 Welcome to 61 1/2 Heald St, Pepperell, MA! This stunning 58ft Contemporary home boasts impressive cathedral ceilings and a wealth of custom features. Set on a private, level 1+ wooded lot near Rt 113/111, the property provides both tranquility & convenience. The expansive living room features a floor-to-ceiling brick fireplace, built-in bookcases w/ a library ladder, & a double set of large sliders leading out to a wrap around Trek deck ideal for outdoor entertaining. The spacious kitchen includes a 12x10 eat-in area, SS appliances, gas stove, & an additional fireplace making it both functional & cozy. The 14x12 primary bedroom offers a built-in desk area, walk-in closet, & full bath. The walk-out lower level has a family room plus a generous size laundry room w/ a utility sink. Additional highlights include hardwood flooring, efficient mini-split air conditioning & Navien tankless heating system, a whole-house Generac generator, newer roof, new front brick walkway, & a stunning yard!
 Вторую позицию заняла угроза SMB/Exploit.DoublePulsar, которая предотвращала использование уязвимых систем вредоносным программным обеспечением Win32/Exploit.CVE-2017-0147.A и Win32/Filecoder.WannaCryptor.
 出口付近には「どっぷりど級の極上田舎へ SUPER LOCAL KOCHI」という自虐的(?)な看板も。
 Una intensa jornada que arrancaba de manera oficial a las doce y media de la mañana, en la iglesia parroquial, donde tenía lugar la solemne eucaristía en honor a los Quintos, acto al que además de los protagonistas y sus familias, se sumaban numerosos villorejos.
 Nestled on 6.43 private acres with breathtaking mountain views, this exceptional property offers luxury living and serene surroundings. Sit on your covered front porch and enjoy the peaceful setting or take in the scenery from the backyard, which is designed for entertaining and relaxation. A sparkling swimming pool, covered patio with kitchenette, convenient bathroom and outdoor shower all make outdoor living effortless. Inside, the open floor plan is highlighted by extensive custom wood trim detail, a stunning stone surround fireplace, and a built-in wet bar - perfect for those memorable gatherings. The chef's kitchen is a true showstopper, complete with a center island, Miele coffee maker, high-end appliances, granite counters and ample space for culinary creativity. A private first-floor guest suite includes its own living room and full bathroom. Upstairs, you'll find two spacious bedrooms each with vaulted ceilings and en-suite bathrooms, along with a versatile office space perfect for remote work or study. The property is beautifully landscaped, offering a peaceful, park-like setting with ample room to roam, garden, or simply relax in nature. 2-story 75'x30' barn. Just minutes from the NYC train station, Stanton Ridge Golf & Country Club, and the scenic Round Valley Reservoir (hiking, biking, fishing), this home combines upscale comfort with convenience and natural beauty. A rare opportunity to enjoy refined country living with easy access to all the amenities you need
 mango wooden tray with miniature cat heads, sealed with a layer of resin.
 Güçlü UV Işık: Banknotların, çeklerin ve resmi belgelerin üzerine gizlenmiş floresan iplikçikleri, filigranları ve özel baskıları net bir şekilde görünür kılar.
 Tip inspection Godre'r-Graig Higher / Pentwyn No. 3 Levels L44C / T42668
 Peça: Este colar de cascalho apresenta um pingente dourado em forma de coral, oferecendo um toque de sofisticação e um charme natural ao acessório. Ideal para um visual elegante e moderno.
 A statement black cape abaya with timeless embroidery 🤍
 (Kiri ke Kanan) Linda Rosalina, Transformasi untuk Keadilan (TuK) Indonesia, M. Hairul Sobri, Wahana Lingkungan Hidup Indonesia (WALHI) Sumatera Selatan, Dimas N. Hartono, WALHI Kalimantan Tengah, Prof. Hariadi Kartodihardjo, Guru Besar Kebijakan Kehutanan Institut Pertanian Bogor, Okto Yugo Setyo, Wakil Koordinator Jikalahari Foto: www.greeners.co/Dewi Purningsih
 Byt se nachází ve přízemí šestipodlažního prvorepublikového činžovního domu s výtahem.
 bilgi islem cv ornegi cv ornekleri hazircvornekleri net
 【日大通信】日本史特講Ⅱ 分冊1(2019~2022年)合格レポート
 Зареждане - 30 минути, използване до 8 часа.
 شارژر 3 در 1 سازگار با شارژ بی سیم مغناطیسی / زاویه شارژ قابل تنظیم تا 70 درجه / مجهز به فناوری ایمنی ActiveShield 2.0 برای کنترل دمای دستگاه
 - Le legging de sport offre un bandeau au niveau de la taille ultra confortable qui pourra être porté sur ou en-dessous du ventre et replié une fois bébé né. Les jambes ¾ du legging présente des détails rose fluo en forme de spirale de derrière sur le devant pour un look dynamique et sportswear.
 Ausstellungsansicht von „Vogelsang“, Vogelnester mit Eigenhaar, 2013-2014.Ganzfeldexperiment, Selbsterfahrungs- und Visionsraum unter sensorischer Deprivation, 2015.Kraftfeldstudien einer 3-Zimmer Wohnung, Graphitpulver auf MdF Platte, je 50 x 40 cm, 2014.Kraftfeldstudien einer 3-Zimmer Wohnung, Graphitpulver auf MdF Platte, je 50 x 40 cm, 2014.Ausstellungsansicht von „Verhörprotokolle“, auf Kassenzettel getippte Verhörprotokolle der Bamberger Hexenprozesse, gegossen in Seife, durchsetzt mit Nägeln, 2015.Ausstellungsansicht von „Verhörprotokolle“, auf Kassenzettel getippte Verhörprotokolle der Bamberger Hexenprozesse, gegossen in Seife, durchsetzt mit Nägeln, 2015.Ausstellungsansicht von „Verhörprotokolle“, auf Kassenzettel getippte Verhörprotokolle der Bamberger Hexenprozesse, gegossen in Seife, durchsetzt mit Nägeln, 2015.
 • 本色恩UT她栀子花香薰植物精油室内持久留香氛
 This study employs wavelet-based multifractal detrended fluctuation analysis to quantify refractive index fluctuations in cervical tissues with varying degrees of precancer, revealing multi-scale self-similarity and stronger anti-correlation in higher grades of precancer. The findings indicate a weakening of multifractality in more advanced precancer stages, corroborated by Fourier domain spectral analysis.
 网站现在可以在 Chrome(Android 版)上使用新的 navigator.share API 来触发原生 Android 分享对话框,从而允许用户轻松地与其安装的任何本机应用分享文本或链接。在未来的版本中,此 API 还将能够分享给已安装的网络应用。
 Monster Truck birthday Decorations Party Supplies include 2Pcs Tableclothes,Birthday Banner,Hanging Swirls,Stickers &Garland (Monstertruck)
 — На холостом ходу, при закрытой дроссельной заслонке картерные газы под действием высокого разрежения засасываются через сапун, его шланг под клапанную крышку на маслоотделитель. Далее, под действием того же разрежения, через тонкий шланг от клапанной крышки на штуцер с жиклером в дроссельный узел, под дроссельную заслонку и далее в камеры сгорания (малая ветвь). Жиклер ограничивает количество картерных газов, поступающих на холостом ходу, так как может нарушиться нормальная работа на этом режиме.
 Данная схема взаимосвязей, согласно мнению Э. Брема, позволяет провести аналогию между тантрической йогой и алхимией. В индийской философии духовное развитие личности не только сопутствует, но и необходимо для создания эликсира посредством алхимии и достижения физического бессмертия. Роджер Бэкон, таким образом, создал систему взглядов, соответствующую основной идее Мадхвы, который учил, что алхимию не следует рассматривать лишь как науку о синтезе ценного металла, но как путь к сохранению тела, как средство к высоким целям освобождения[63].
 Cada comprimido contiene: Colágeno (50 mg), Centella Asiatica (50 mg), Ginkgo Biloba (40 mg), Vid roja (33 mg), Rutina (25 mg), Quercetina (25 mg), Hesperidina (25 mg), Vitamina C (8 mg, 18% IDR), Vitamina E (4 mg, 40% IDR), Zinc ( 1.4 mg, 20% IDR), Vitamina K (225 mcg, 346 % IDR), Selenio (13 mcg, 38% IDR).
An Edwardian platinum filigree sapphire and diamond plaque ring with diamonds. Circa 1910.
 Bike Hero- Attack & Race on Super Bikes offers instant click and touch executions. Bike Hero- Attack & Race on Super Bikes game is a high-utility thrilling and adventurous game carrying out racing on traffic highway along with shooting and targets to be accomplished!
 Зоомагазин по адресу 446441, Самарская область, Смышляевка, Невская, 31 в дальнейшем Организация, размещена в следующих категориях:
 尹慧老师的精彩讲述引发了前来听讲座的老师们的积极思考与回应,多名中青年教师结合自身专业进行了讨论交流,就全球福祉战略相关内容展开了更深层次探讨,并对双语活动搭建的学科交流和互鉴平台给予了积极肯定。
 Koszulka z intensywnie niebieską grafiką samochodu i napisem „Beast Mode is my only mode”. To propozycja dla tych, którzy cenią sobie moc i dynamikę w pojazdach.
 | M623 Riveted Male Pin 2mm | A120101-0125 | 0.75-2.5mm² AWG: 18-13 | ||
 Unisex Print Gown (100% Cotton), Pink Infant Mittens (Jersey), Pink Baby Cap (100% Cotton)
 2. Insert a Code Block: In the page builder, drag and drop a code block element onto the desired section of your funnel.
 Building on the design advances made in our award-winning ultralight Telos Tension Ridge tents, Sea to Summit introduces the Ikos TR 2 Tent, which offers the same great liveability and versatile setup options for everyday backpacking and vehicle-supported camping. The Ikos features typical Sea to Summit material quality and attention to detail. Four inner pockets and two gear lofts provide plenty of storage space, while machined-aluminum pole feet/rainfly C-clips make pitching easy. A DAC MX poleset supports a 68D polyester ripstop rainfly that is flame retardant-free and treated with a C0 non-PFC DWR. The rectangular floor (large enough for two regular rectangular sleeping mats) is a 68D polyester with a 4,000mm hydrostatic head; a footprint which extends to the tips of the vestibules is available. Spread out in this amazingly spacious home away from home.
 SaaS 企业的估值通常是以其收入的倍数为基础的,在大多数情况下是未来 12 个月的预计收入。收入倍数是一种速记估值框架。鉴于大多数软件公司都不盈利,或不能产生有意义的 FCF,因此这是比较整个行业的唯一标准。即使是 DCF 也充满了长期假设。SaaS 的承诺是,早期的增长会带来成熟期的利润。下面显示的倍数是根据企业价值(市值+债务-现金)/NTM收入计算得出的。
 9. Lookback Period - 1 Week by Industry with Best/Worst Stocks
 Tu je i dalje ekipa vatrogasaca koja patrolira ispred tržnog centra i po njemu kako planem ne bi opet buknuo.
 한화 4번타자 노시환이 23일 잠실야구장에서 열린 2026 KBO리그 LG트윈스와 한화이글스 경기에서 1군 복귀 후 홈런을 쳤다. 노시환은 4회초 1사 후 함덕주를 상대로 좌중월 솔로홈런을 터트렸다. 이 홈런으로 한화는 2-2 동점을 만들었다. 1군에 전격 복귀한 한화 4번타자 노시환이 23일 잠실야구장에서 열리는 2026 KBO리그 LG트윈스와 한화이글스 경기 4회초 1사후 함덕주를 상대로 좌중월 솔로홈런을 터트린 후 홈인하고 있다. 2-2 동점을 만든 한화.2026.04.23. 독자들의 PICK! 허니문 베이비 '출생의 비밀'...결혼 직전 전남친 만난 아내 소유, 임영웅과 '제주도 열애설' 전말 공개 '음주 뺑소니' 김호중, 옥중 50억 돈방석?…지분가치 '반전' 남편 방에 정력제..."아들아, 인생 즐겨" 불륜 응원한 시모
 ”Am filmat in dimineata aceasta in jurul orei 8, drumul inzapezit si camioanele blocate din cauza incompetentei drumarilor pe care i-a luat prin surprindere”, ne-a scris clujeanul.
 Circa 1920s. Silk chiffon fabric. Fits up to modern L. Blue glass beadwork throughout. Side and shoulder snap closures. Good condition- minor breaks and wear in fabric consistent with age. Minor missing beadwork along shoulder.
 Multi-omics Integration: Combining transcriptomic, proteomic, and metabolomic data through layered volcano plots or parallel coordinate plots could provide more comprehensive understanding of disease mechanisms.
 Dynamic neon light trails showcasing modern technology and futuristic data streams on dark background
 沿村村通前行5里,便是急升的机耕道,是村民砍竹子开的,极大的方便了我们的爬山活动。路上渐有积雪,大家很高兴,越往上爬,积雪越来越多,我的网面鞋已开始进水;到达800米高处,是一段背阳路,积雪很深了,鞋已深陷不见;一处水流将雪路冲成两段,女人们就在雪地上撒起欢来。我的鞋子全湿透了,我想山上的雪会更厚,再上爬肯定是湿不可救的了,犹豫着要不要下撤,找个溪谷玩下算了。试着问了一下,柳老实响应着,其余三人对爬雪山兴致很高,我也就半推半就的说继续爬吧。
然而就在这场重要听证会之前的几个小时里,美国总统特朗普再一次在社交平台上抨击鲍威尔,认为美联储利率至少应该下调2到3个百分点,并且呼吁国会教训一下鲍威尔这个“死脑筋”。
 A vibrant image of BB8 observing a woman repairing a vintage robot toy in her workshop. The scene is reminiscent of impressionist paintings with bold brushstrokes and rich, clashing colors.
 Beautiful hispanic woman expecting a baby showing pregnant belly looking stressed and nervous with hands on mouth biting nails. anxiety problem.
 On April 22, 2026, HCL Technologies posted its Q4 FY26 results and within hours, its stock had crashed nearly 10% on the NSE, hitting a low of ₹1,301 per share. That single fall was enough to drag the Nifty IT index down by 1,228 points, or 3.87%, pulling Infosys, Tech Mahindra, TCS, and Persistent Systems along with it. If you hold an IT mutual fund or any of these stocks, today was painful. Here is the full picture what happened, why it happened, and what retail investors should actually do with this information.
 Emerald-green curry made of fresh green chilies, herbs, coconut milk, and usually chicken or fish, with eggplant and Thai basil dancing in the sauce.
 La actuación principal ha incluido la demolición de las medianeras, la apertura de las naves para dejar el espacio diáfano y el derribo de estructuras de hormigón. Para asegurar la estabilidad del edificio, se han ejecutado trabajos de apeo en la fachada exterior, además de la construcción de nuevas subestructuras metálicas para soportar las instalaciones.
--------------------------------------------------
### Required action
Find each line in the listing above that contains "Circa", and copy that line.

### Task result
An Edwardian platinum filigree sapphire and diamond plaque ring with diamonds. Circa 1910.
 Circa 1920s. Silk chiffon fabric. Fits up to modern L. Blue glass beadwork throughout. Side and shoulder snap closures. Good condition- minor breaks and wear in fabric consistent with age. Minor missing beadwork along shoulder.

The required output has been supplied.